I like how the GPT series of papers show the progression from unsupervised pretraining to few-shot learning, as we realize how much this paradigm can do.

Efficient Fine-tuning and Adaptation

  1. LoRA: Low-Rank Adaptation of Large Language Models (2021) - Efficient fine-tuning method. After this there was a flurry of LoRA variants since it is something people can research on an academic budget. Most can safely be ignored. I like ‘DoRA’ as a better-performing version and LoftQ for quantization-aware LoRA stuff (see also FA-LoRA I think it’s called).

  2. QLoRA: Efficient Finetuning of Quantized LLMs - Efficient fine-tuning with quantization. By the kegend Tim Dettmers, made fine-tuning with quantization practical for so many more people. Check out the answerai posts on this topic for more on scaling and quantization.

Instruction Tuning and Alignment

  1. InstructGPT: Training language models to follow instructions (2022) - Instruction-following using human feedback.

  2. Constitutional AI: Harmlessness from AI Feedback (2022) - AI-assisted approach to alignment.

  3. Direct Preference Optimization: Your Language Model is Secretly a Reward Model (2023) - Simplified approach to RLHF.

  4. Zephyr: Direct Distillation of LM Alignment (2023) - A good recipe for making ‘aligned’ models based on synthetic data from big models.

  5. Tulu and Tulu 2 applying this recipe and exploring what data works well. Decent emperical papers, lots of insights about things like length skewing LLM-judged scores.

As with LoRA, there was a flurry of DPO variants. See this video of mine for a chat about some of the modifications and why some at leat are useful.

Multi-Modal

  1. Flamingo: a Visual Language Model for Few-Shot Learning - early good VLM. Idefics is open source version.
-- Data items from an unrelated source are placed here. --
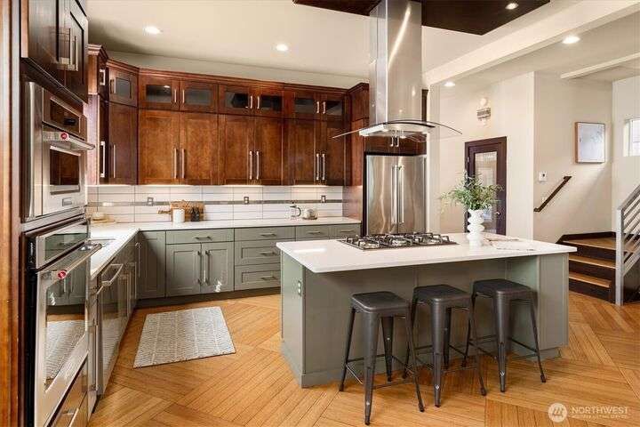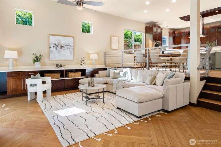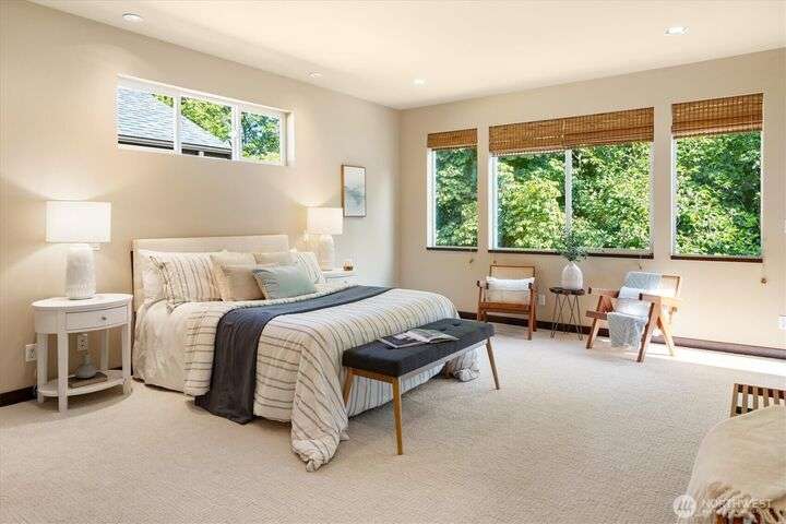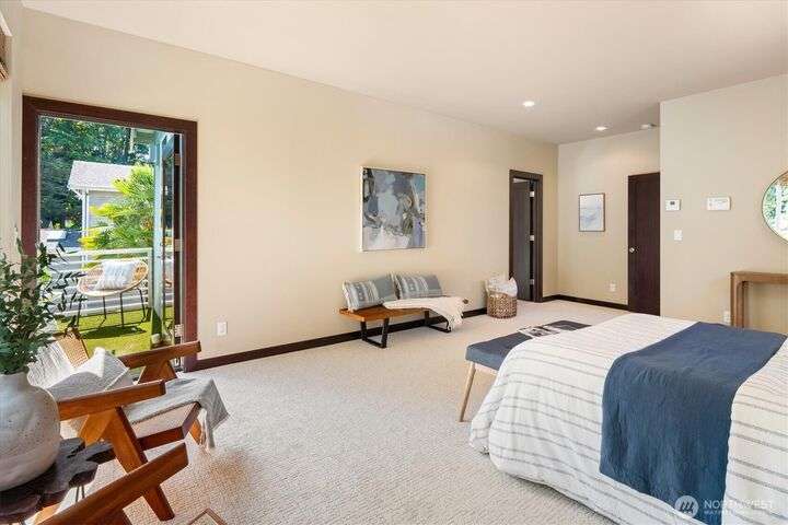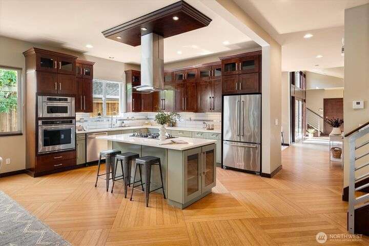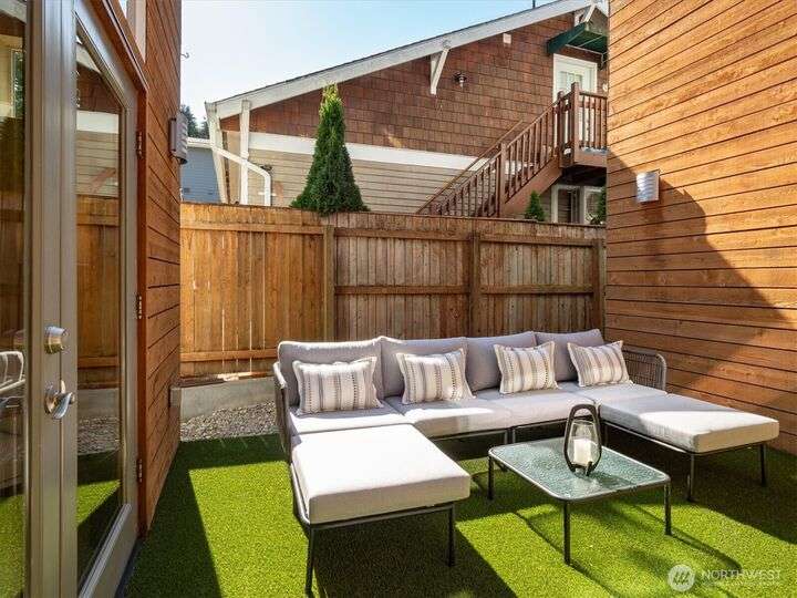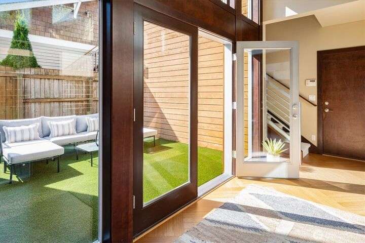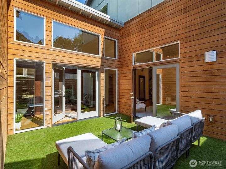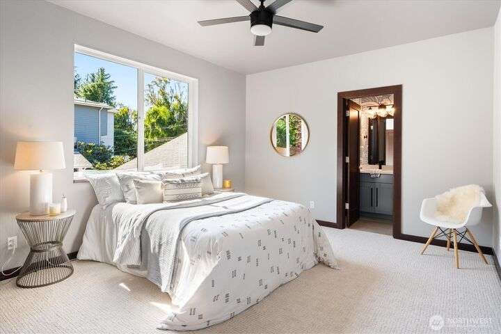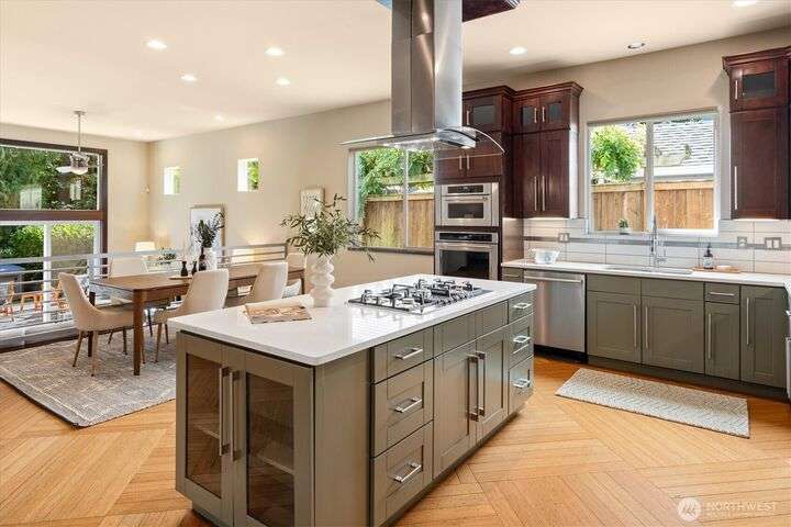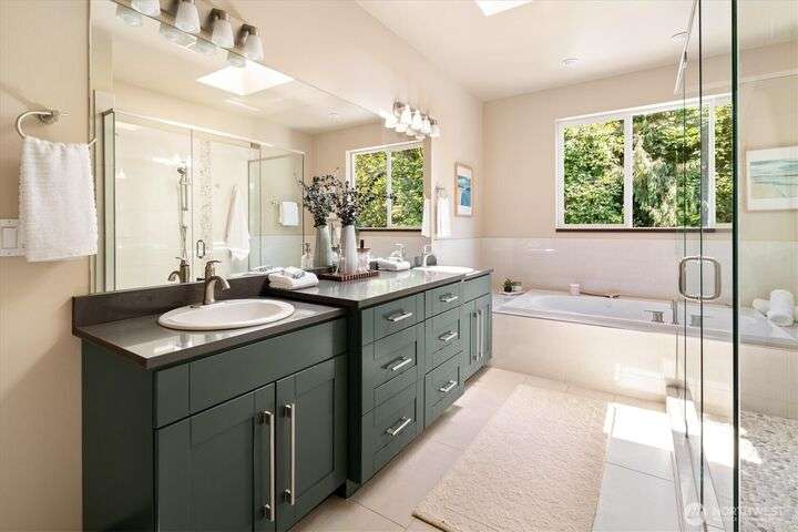 Welcome to this beautiful home filled with soaring ceilings, natural light, and spaces made for entertaining. The kitchen is the heart of the home with abundant counters and a generous island, flowing seamlessly into the dining room and cozy sunken living room. Entertain year-round on two covered patios, one with a double-sided fireplace and gas hook-up for effortless grilling. Upstairs, relax in the peaceful primary suite, joined by two bedrooms and a full bath. A versatile bonus room with full bath is ideal as a 4th bedroom, office, gym, or play space. The 2-car garage offers storage. The private lot backs to a wooded green space with room to garden, play, or simply enjoy nature.
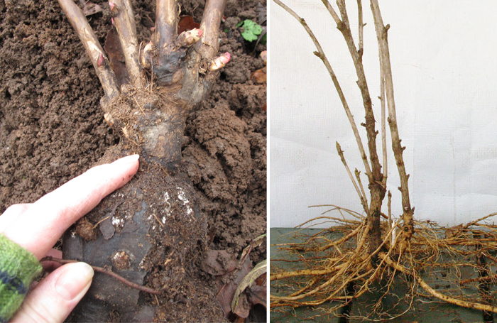 - Глубина посадки. Корневую шейку располагают в почве, чтобы почки возобновления были на уровне поверхности грунта. Привитые экземпляры сажают, чтобы место прививки было на 9-14 см ниже поверхности грунта.
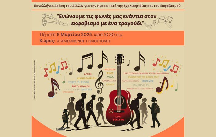 Η εκδήλωση, με τίτλο "Ενώνουμε τις φωνές μας ενάντια στον εκφοβισμό με ένα τραγούδι", περιλαμβάνει τη συμμετοχή σχολείων από όλη την Ελλάδα, τα οποία έχουν δημιουργήσει το καθένα το δικό του πρωτότυπο τραγούδι με στίχους που προάγουν τη συμπερίληψη και την αλληλεγγύη. Οι μαθητές, κρατώντας αφίσες, θα παρουσιάζουν το τραγούδι τους στη γειτονιά (μπροστά από το 1ο Γυμνάσιο και Λύκειο Ηλιούπολης, 5ο και 20ο Δημοτικά ) μεταδίδοντας μέσα από τη μουσική ένα ισχυρό μήνυμα κατά της σχολικής βίας και του εκφοβισμού.
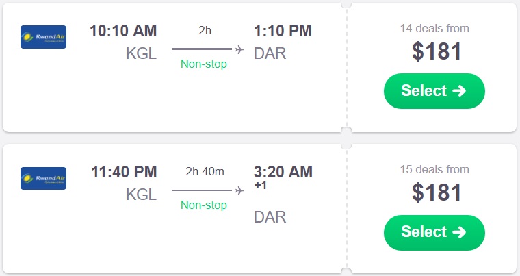 Kigali, Rwanda to Dar Es Salaam for $181
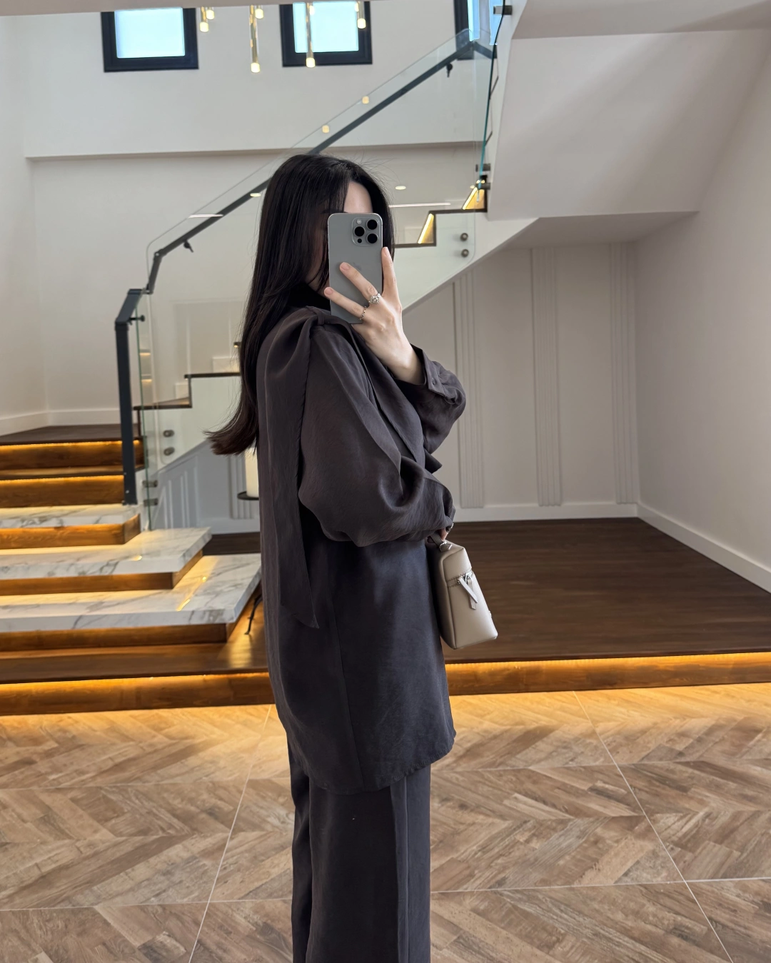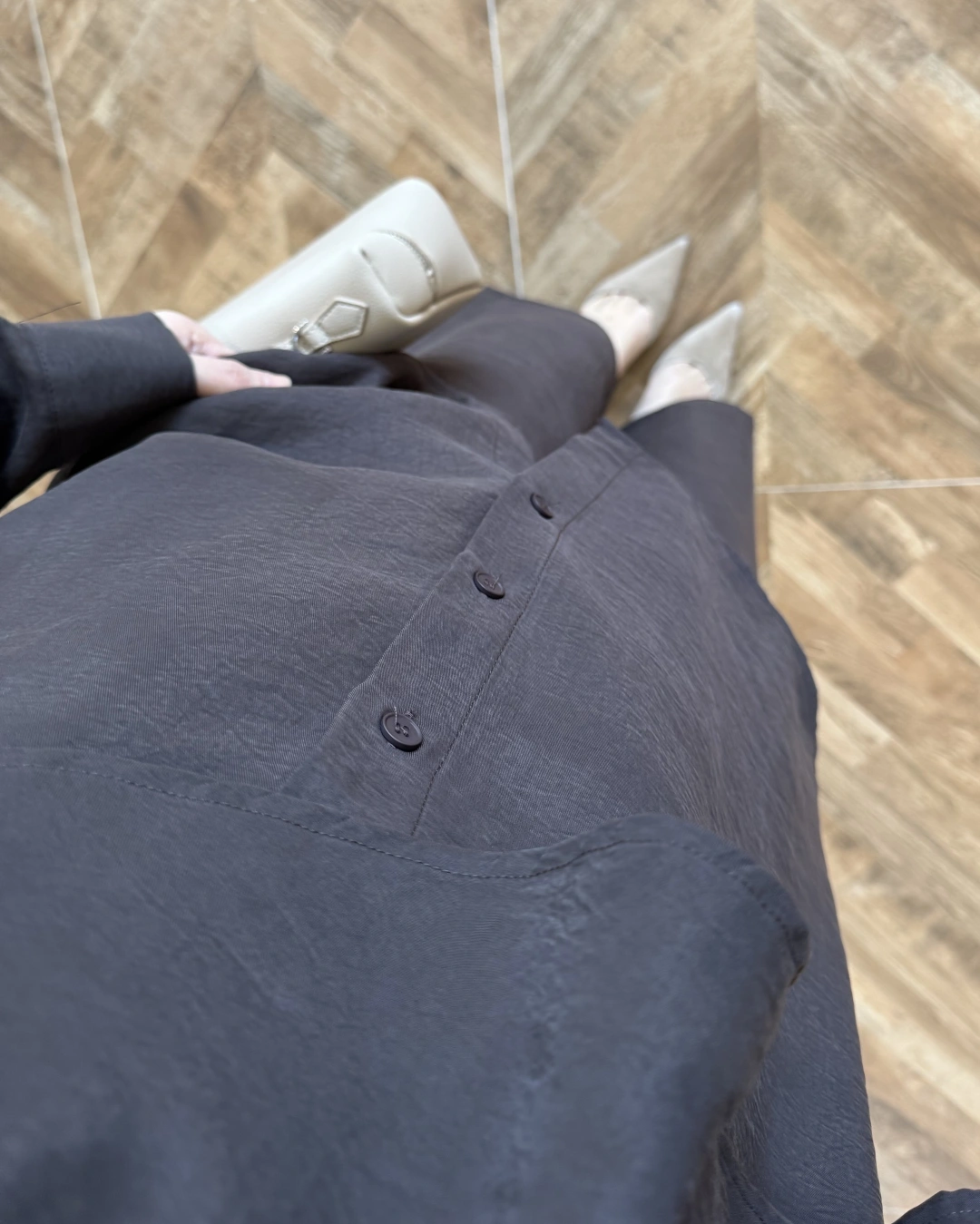 KAHVE PİLE DETAY V YAK GÖMLEK-2222
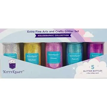 Show more Unleash your creativity with our premium extra fine holographic glitter powder, a must-have for all craft enthusiasts! This dazzling set features five unique colors that add a touch of sparkle to your projects. Each of the five plastic bottles comes filled with 65g of high-quality, non-toxic glitter, totaling a magnificent 325g to fuel your imagination.
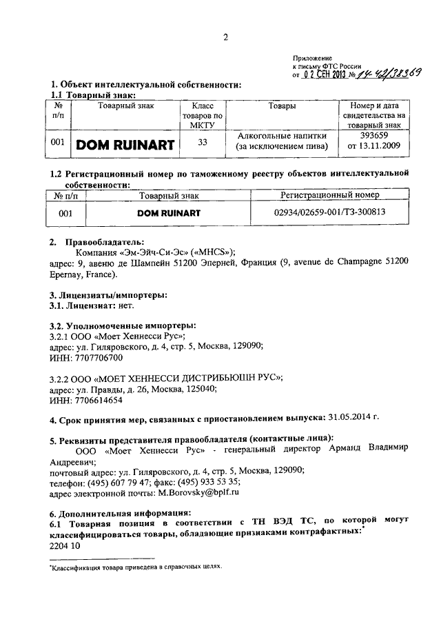 ПИСЬМО ФТС РФ от 02.09.2013 N 14-42/38369
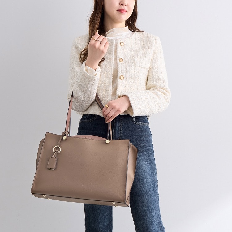 通勤にぴったりなかっちりと上品デザインのA4サイズトートバッグ。
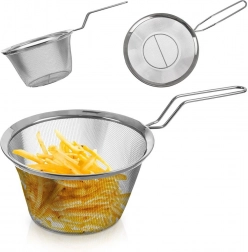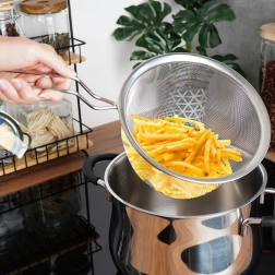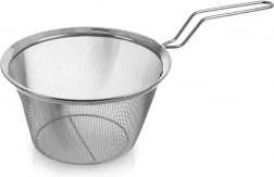Univerzálny kuchynský košík je skvelý pomocník na každodenné varenie. Vďaka jemnej nerezovej sieťke ľahko a rýchlo precedíte cestoviny, zeleninu alebo vyprážate hranolčeky a chrumkavé lupienky. Dlhé madlo zaistí pohodlné a bezpečné držanie nad hrncom či panvicou.
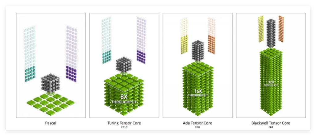 | FP4 Tensor Core | 支持 FP4 精度张量运算,吞吐量比 H100 的 FP8 提升 32 倍 | 大幅降低 AI 推理能耗,使本地运行复杂神经渲染模型成为可能 |
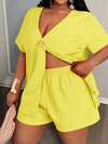 Linhara CURVE Bermudas de talla grande para mujer con bolsillo y lazo en la cintura, de unicolor
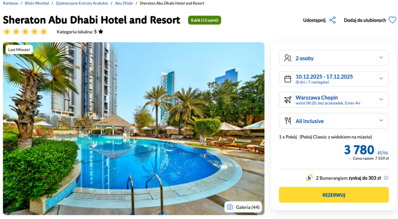 Wylot z Warszawy do Zjednoczonych Emiratów Arabskich to świetny sposób, żeby na moment uciec od jesiennej aury i przenieść się w słoneczne klimaty Abu Zabi. Czeka tam wypoczynek w eleganckim Sheraton Abu Dhabi Hotel and Resort, który zapewnia nie tylko doskonałą lokalizację, ale też pełen relaks dzięki formule all inclusive.
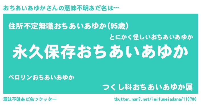 | 男性向けラノベタイトル風あだ名 | 『おちあいあゆかという概念が存在しない退屈な世界 』 |
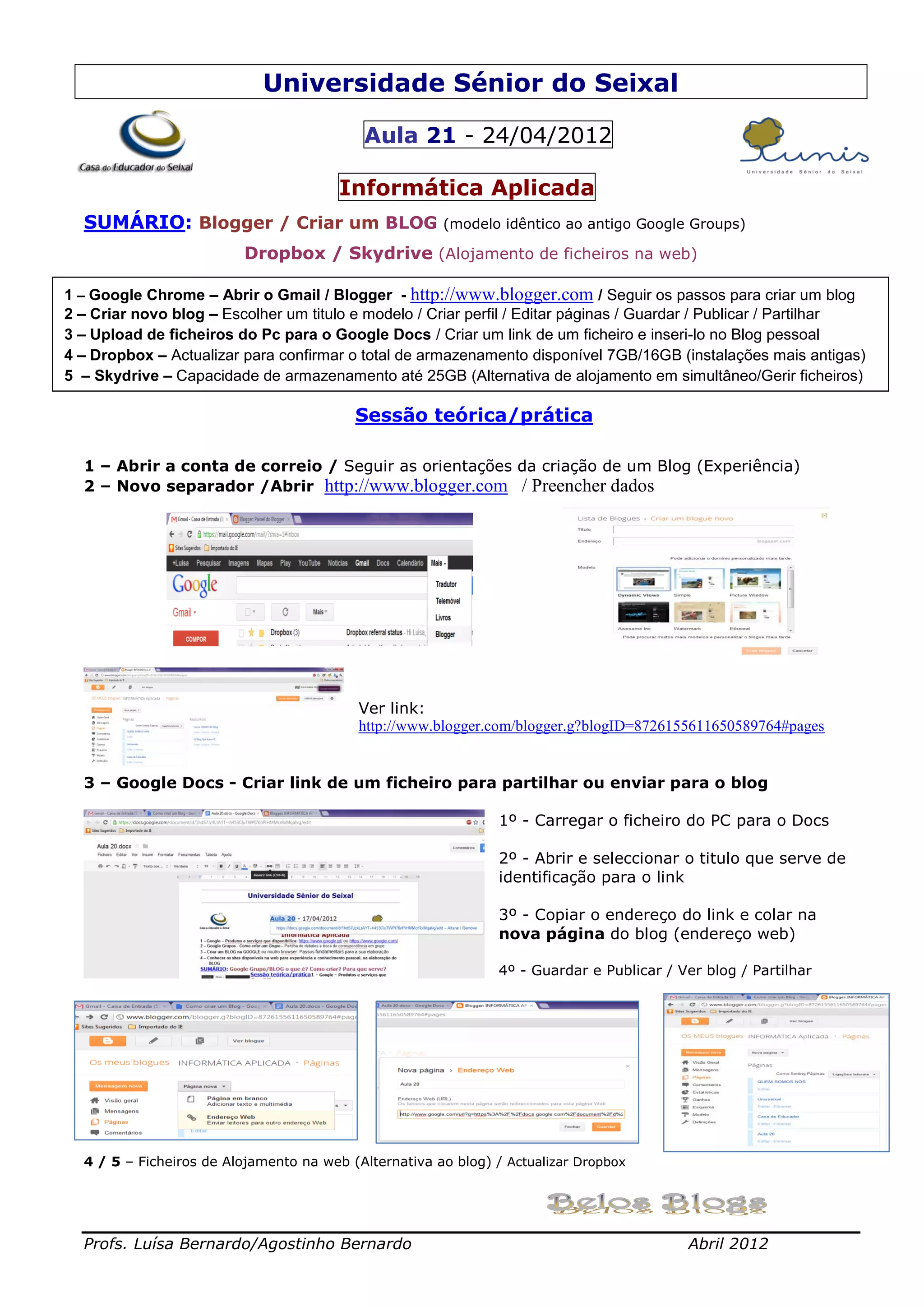 1) Criação de um blog pessoal utilizando a plataforma Blogger para partilhar conteúdos e ficheiros online.
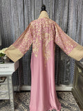 Step into timeless sophistication with the Blush Majesty Embroidered Abaya, a perfect fusion of classic modesty and contemporary elegance. This stunning piece features a soft blush pink base complemented by a cream beige front panel and cuffs, creating a graceful two-tone look.
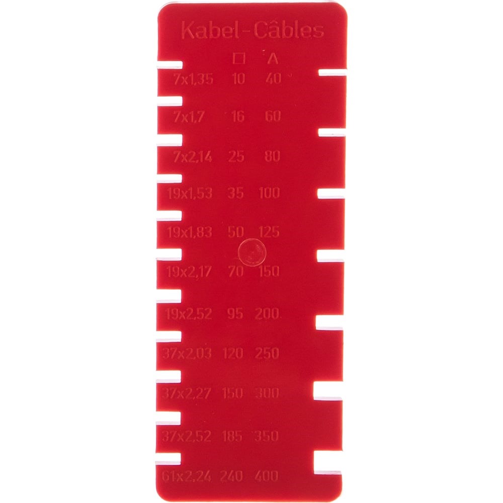 Шкала CIMCO 14 0120 предназначена для определения диаметра и сечения проводов и кабеля. Габариты инструмента 95х 35 х 3 мм.

  2. PaliGemma - shows the approach of glueing a pretrained vision encoder (siglip in this case) to an existing language model (gemma in this case) to get a multi-modal model. Not the first to do it but a nice decent recent paper.

  3. Chameleon (and MoMa - the efficiency upgrade with MoE of Chameleon). From Meta, good look at how early fusion models might end up looking.